With sk-learn, we don’t need to implement complex algorithms built on a backbone of linear algebra and statistics. By using sk-learn’s ML algorithms and neural networks, we can build models faster while getting familiar with industry-standard tools.

## 2. Install
To use sk-learn, we'll need **scipy**, **numpy**, and **sklearn**. To install these, run `pip install scipy numpy scikit-learn` in your terminal.

You can confirm sk-learn was installed correctly by importing something from the package.

In [None]:
from sklearn.tree import DecisionTreeClassifier

## 3. Datasets
When doing machine learning, we need data to train and evaluate our models, because without data, we can't learn patterns, validate performance, or generalize to unseen examples.

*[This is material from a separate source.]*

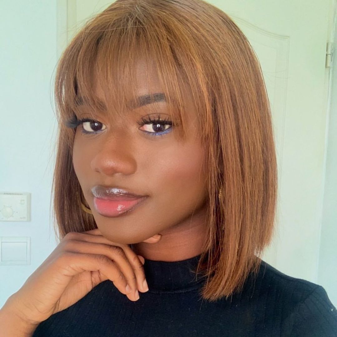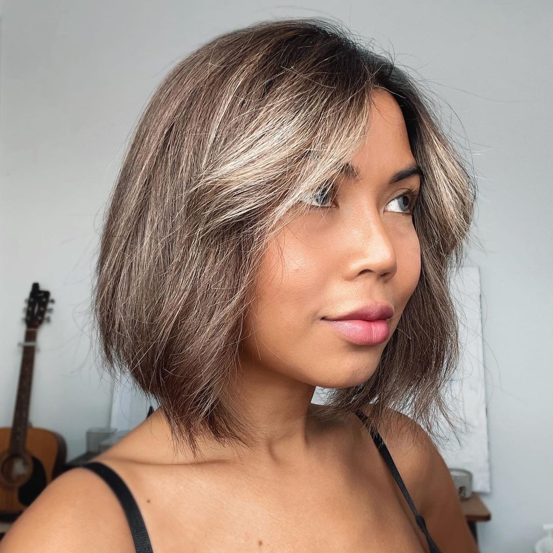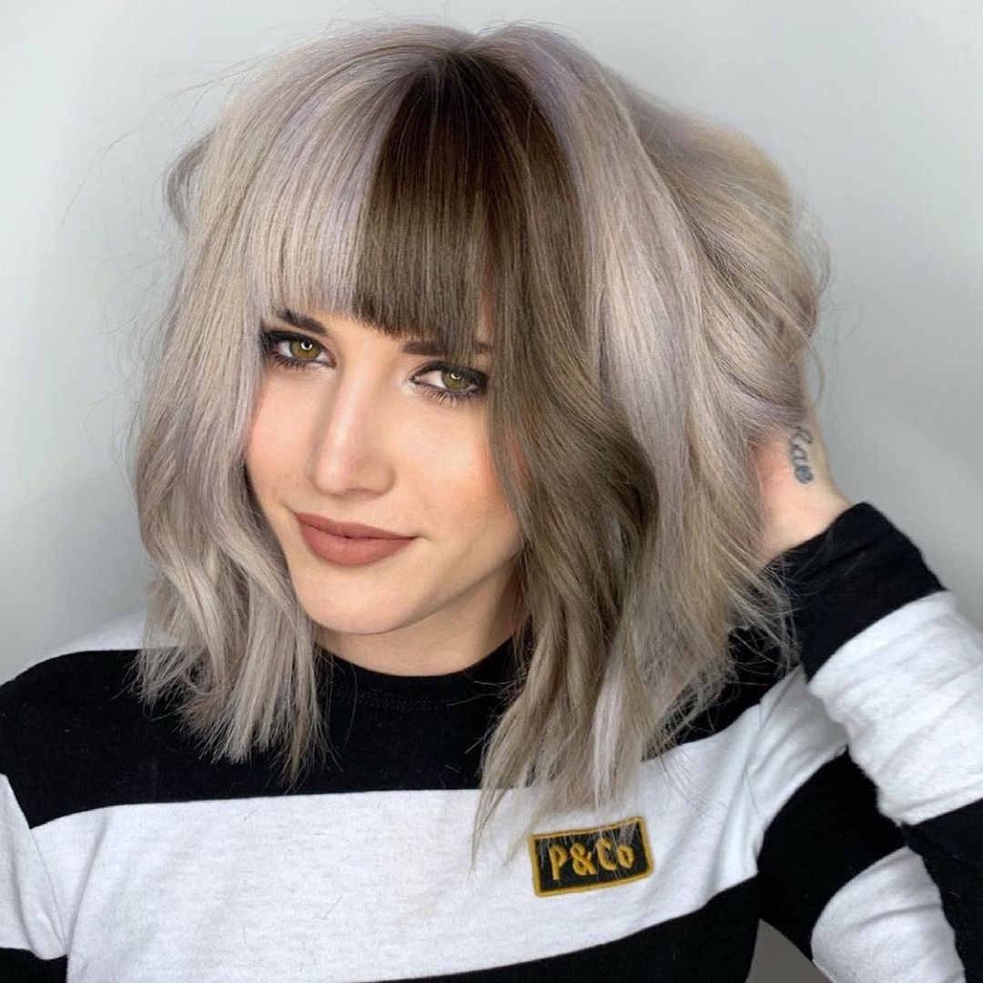 Blunt cuts are so high-end and fashionable right now. You can rock this color combination and bang size with complete confidence!
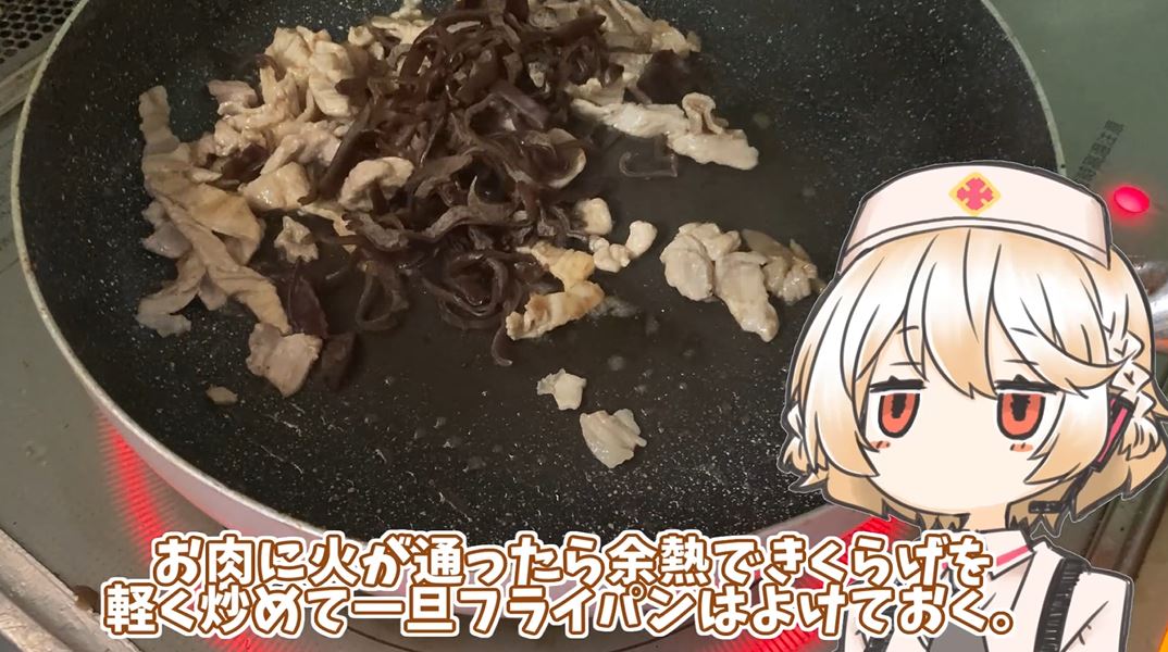 肉に火が通ったら余熱できくらげを軽く炒め、いったんフライパンをよけました。

Scikit-learn provides tools to do that via built-in datasets, dataset loading utilities, and data preprocessing functions (like [train_test_split](https://sklearn.org/stable/modules/generated/sklearn.model_selection.train_test_split.html?utm_source=chatgpt.com)).

### Features and Labels
In machine learning, we use data to train models to make predictions or decisions. This data is typically structured into two main parts:
1. **Features (Input)**
- Features are the input variables (also called independent variables) that the model uses to learn.
- Think of them as the measurable properties or characteristics representing what causes or correlates to your output
- Features are real numbers or are non-numeric and have been transformed into a numerical representation

    **Example:** In a house price prediction dataset, features might include the number of bedrooms, square footage, and location.

2. **Labels (Output)**
- The label is the target variable (also called the dependent variable). Labels are what you want the model to predict.
- Think of it as the correct answer for each example in the dataset.

    **Example:** For house prices, the label is the actual price of the house.

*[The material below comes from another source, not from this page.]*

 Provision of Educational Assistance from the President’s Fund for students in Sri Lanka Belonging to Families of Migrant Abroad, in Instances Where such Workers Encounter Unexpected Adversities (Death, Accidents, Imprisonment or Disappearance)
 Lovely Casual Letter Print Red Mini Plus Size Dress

### Step 1: Pick a Dataset
Scikit-learn comes with several built-in toy datasets that are great for learning and experimenting. These datasets are small, well-structured, and easy to load making them perfect for learning.

Look through the following [toy datasets](https://scikit-learn.org/stable/datasets/toy_dataset.html) and select one that interests you for this tutorial!

**Note**: Don't choose the digits dataset, which is an image dataset that requires additional preprocessing this tutorial does not support

In [None]:
from sklearn.datasets import ______

dataset = ______

##### Viewing your data
Whenever you're working with new data, it's always a good idea to familiarize yourself with the feature names, your labels, and examine a bit of the data. Run the following to understand a bit about the dataset you've chosen.

In [None]:
X = dataset.data 
y = dataset.target 
  
feature_names = dataset.feature_names 
target_names = dataset.target_names 
  
print("Feature names:", feature_names) 
print("Target names:", target_names) 

print("\nType of X is:", type(X)) 

print("\nFirst 5 rows of X:\n", X[:5])


#### Want to use custom data?
If we’re using an external dataset, we can use the pandas library to load and manipulate the datasets with ease. If you haven’t yet, check out our [AI Club Pandas Tutorial](https://github.com/npragin/ai-club-project-management/blob/main/tutorials/pandas-tutorial.ipynb)!

## 4. Data Preprocessing
When working with real-world data, it often requires some preprocessing to ensure it's in the right format for training a model. This can include handling missing values, scaling features, and selecting the relevant features.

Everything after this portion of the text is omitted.